Forrester: Seven trends to shape the future of enterprise applications and ERP

Over the next five years, technology changes will disrupt our long-held beliefs about the ownership and value of core enterprise application, writes Paul D. Hamerman, vice-president and principal analyst at Forrester Research.

Over the next five years, technology changes will disrupt our long-held beliefs about the ownership and value of core enterprise application, writes Paul D. Hamerman, vice-president and principal analyst at Forrester Research. These changes will introduce new levels of process flexibility, improve the transparency of ownership costs, and accelerate the speed of process execution. As outlined in recent research from Forrester, seven technologies will drive this transformation: software-as-a-service (SaaS), mobile, business process management (BPM), usability, platform-as-a-service (PaaS), social networks, and elastic computing.

However, these trends have far-reaching implications that extend beyond the technologies themselves.
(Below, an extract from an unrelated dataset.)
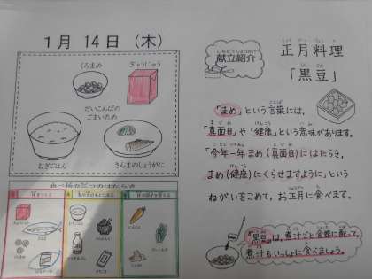 冬休み明けの給食は,1月8日(金)からです。冬休み前に給食当番だった人は,エプロンを給食開始までに持ってきてください。よろしくお願いします。

With applications evolving towards greater levels of flexibility, business experts will increasingly play a more active role in defining the business processes, rules, organisational structures and performance metrics within the software. Already, we recognise that buying decisions and ownership responsibility for applications such as customer relationship management (CRM) and human resource management (HRM), and potentially enterprise resource planning (ERP), is shifting more to the business side of the house. Forrester refers to this ownership shift as "IT to BT", and it represents a unique opportunity for business process professionals to help IT and business stakeholders leverage innovative technology to transform business processes and improve application flexibility and value.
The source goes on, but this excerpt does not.